_PROBLEM DESCRIPTION_. Below is a set of records; reproduce them exactly without their pictures.

_DATA UNDER STUDY_.

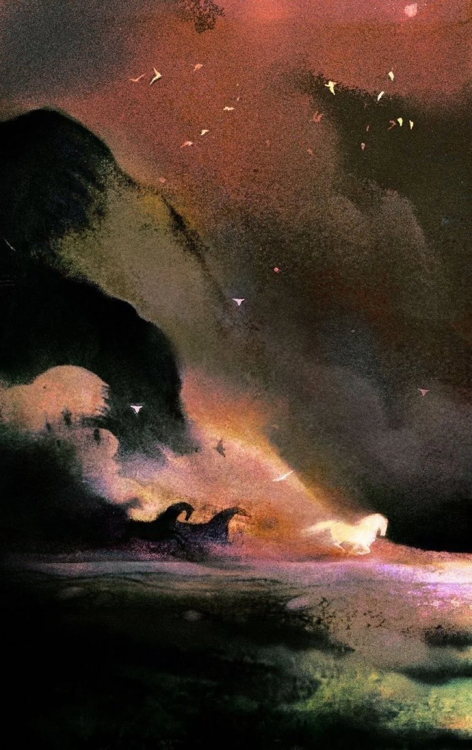 Copyright Michael McGrath. Summer Systems, night search. Oil, oil pastel, and acrylic on canvas 16” × 20”. Shared with written permission from the artist. A dark-haired woman in a pale gray dress rides a vivid pink horse through a field of wildflowers and fire. A gold halo or rainbow radiates behind her. To her left, a volcano erupts. The woman faces away, calmly moving through a burning landscape. The horse glows as though lit from within. The world is on fire.
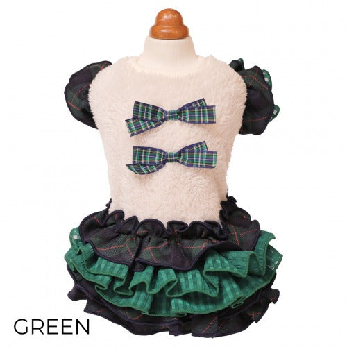 【GODPIVA】あったかテラボアチェックワンピース[ゴッドピバ]犬用 服 ドッグウェア フリル テラヘルツ 日本製
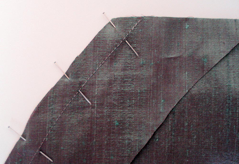 - With right sides together, pin the outer curved edge of the Curved Facing to the curved edge of the Right Front Panel.
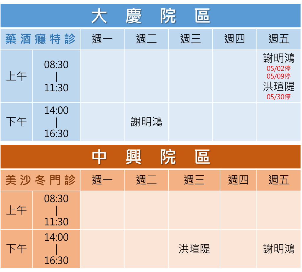 📆114/05月份藥酒癮門診表 門診表 2025-04-292025-05-14 N476Leave a Comment on 📆114/05月份藥酒癮門診表 ✨掛號請點我✨此門診位置在中興院區 (請點我)✨院址:402 台中市南區復興路二段11號✨總機:04-22621652 #70102
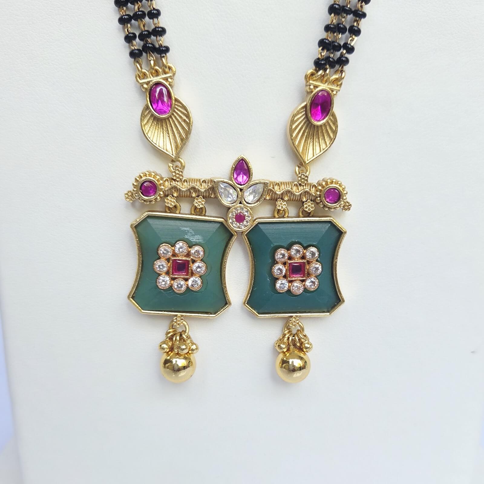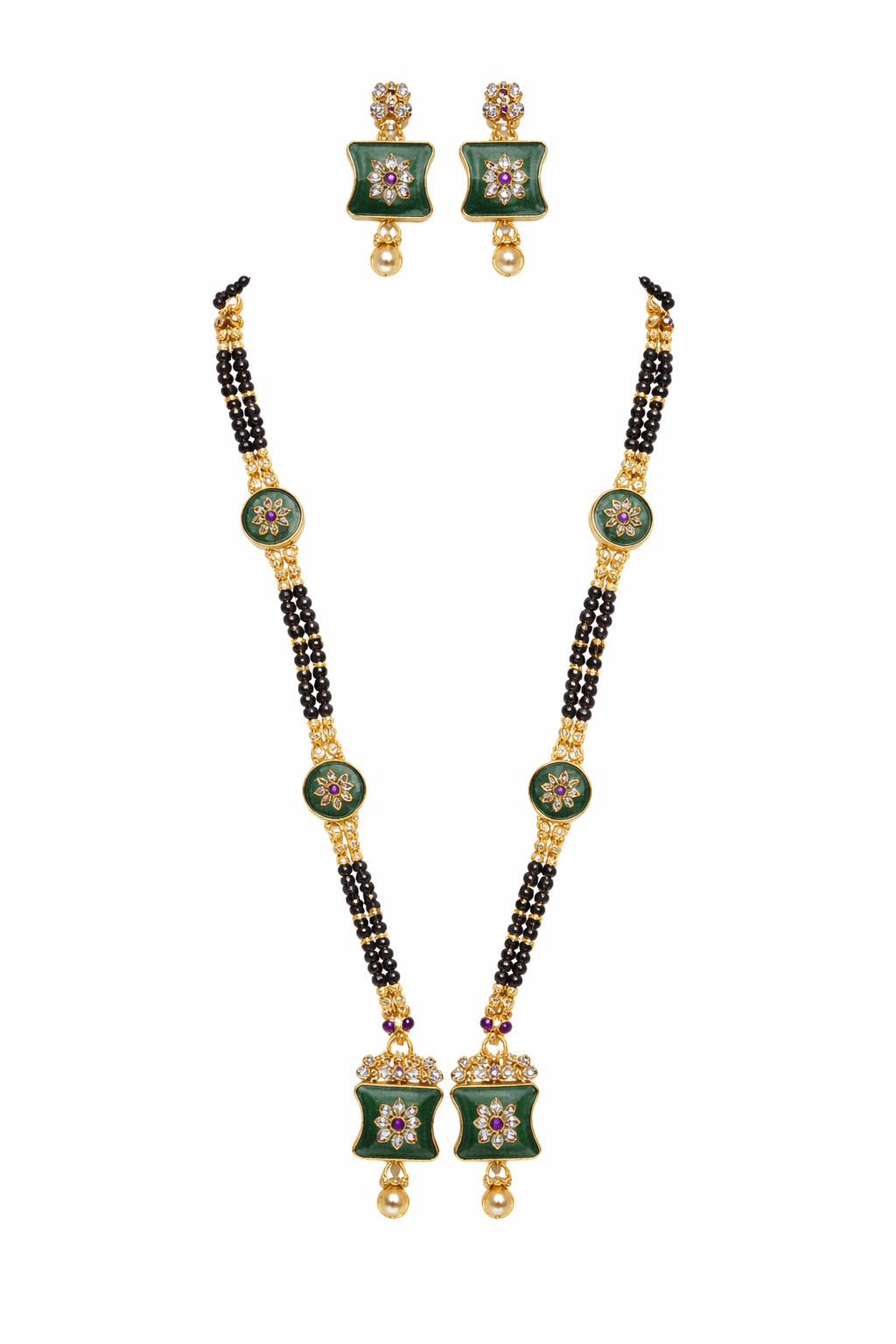 Traditional Green Enamel Gold Plated Square Pendant Long Mangalsutra
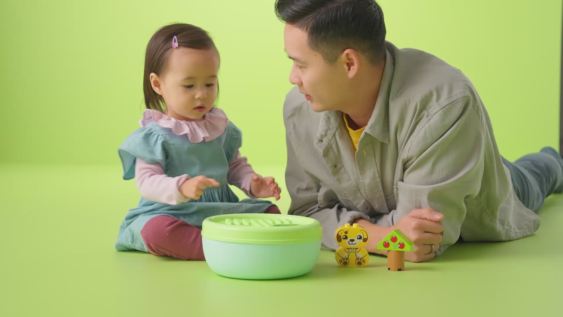 Learning activities for family fun – Parents introduce toddlers to interesting shapes as toddlers build them into dogs, trees and a house to create fun role-play stories for their cute toy pups
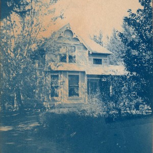 Blue-toned photograph of a victorian house. Possibly Dr. Reid's residence. If you know any details from this image please contact the Rancho Cucamonga Public Library at (909) 477-2720 or reference@cityofrc.us
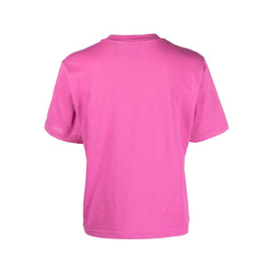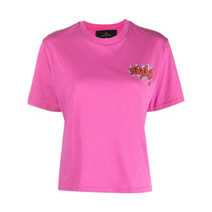 chest graffiti-print T-shirt from PEUTEREY featuring graffiti print, peony pink, cotton, round neck, short sleeves and straight hem. Logo cotton t-shirt
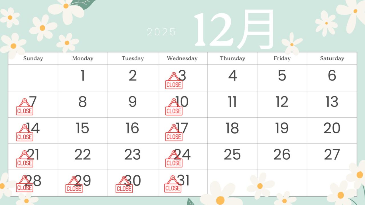 ニュース 12月・年末年始のお休み shirokuma49 2025年10月6日 / 2025年12月1日 12月のお休みです。 カレンダーの通り、水曜日・日曜日が定休日のため休みになります。 年末年始のお休みは 12月28日〜1月4日までお休み。 1月5日〜通常通り営業開始します。 休み期間中・休診中の時間は、ご連絡はLINE@からお願いします↓↓↓
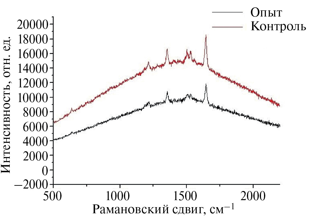 Рис. 8. Распределение интенсивности SERS опыта и контроля при определении BoNT A (2.4 нг/мл) с использованием раствора аптамеров к RSV с концентрацией 17.5 нМ
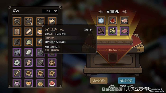 子時去夜磨坊,刷一個萬年玄冰就走。(這個是為了鍛造幹將,想做劍閣最終任務的還需要兩個萬年玄冰)這裡可以順便買加體力上限和內力上限的甲級藥材吃,賣的話這裡賣材料價值很高,砍的甲級木頭和多餘的甲級礦石可以賣了
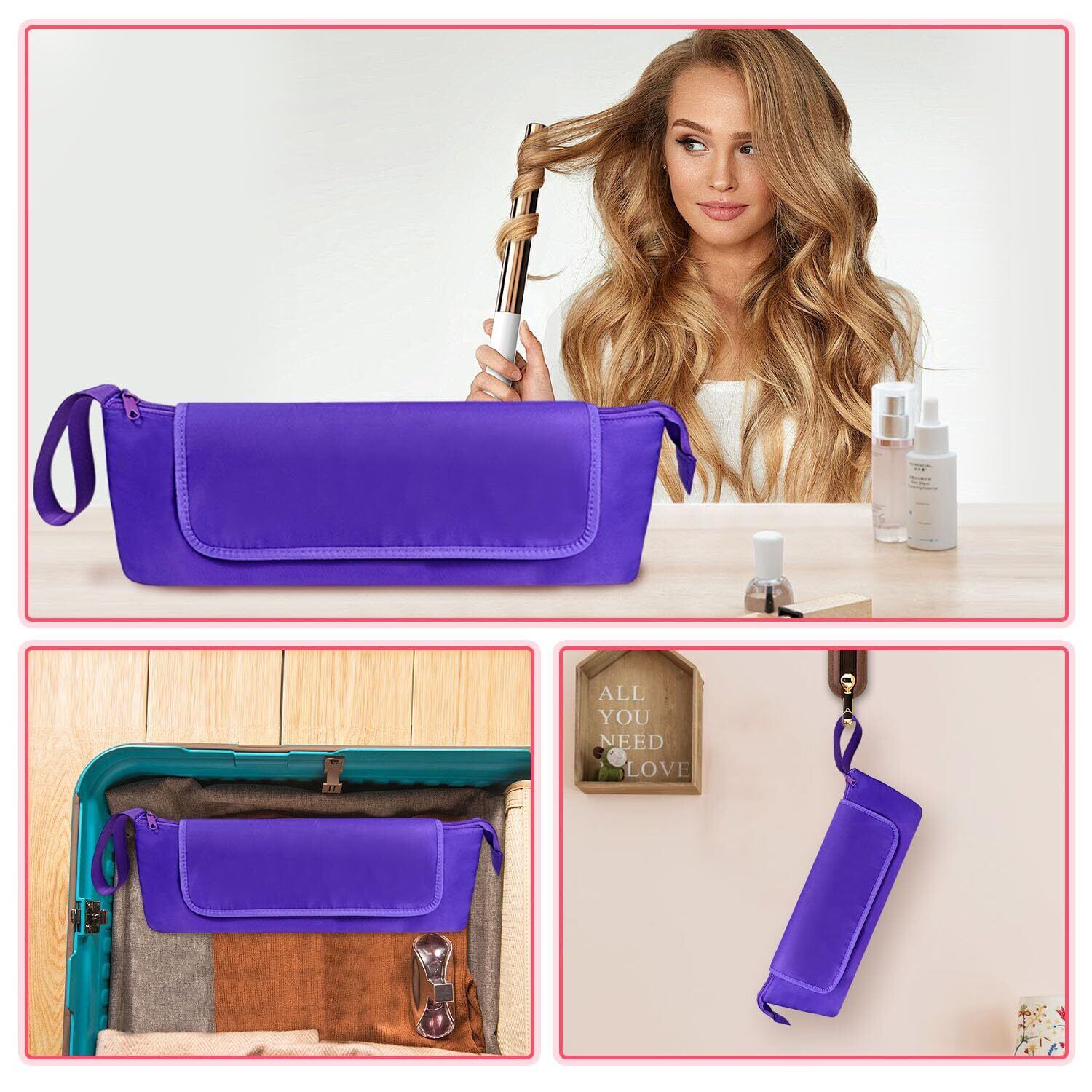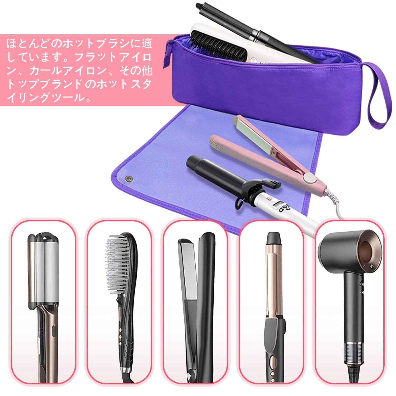 ヘアツール トラベル オーガナイザー バッグ 耐熱マット付き 2-in-1 トラベル キャリング ストレージ ケース フラットアイロン、ストレートアイロン、ヘアアイロン、ヘアドライヤー、スタイリングツール、ヘアケアアクセサリー用 (ホワイト) (パープル)
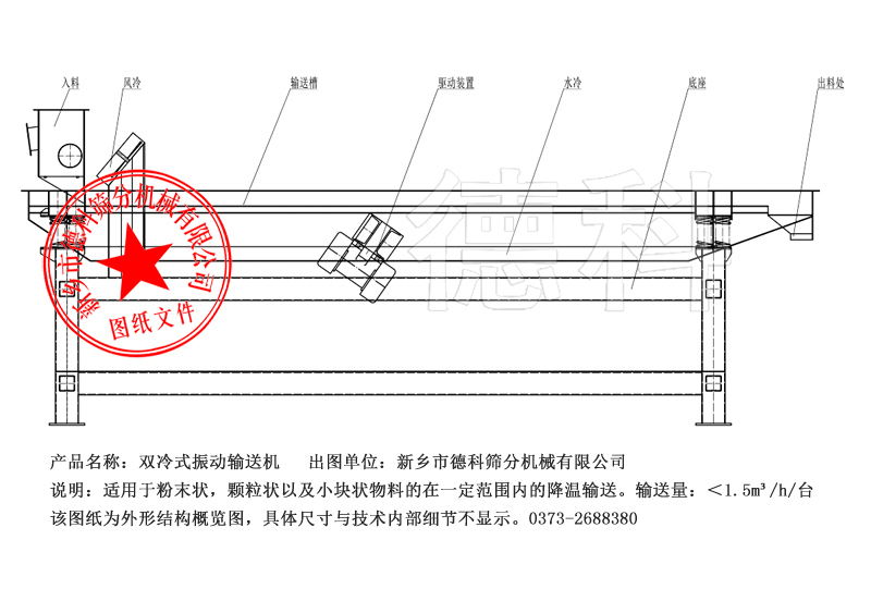 本圖紙適用于德科設計并制造的雙冷式振動輸送機(降溫輸送機),該產品地址:

_WRITTEN REPLY_.
 Copyright Michael McGrath. Summer Systems, night search. Oil, oil pastel, and acrylic on canvas 16” × 20”. Shared with written permission from the artist. A dark-haired woman in a pale gray dress rides a vivid pink horse through a field of wildflowers and fire. A gold halo or rainbow radiates behind her. To her left, a volcano erupts. The woman faces away, calmly moving through a burning landscape. The horse glows as though lit from within. The world is on fire.
 【GODPIVA】あったかテラボアチェックワンピース[ゴッドピバ]犬用 服 ドッグウェア フリル テラヘルツ 日本製
 - With right sides together, pin the outer curved edge of the Curved Facing to the curved edge of the Right Front Panel.
 📆114/05月份藥酒癮門診表 門診表 2025-04-292025-05-14 N476Leave a Comment on 📆114/05月份藥酒癮門診表 ✨掛號請點我✨此門診位置在中興院區 (請點我)✨院址:402 台中市南區復興路二段11號✨總機:04-22621652 #70102
 Traditional Green Enamel Gold Plated Square Pendant Long Mangalsutra
 Learning activities for family fun – Parents introduce toddlers to interesting shapes as toddlers build them into dogs, trees and a house to create fun role-play stories for their cute toy pups
 Blue-toned photograph of a victorian house. Possibly Dr. Reid's residence. If you know any details from this image please contact the Rancho Cucamonga Public Library at (909) 477-2720 or reference@cityofrc.us
 chest graffiti-print T-shirt from PEUTEREY featuring graffiti print, peony pink, cotton, round neck, short sleeves and straight hem. Logo cotton t-shirt
 ニュース 12月・年末年始のお休み shirokuma49 2025年10月6日 / 2025年12月1日 12月のお休みです。 カレンダーの通り、水曜日・日曜日が定休日のため休みになります。 年末年始のお休みは 12月28日〜1月4日までお休み。 1月5日〜通常通り営業開始します。 休み期間中・休診中の時間は、ご連絡はLINE@からお願いします↓↓↓
 Рис. 8. Распределение интенсивности SERS опыта и контроля при определении BoNT A (2.4 нг/мл) с использованием раствора аптамеров к RSV с концентрацией 17.5 нМ
 子時去夜磨坊,刷一個萬年玄冰就走。(這個是為了鍛造幹將,想做劍閣最終任務的還需要兩個萬年玄冰)這裡可以順便買加體力上限和內力上限的甲級藥材吃,賣的話這裡賣材料價值很高,砍的甲級木頭和多餘的甲級礦石可以賣了
 ヘアツール トラベル オーガナイザー バッグ 耐熱マット付き 2-in-1 トラベル キャリング ストレージ ケース フラットアイロン、ストレートアイロン、ヘアアイロン、ヘアドライヤー、スタイリングツール、ヘアケアアクセサリー用 (ホワイト) (パープル)
 本圖紙適用于德科設計并制造的雙冷式振動輸送機(降溫輸送機),該產品地址:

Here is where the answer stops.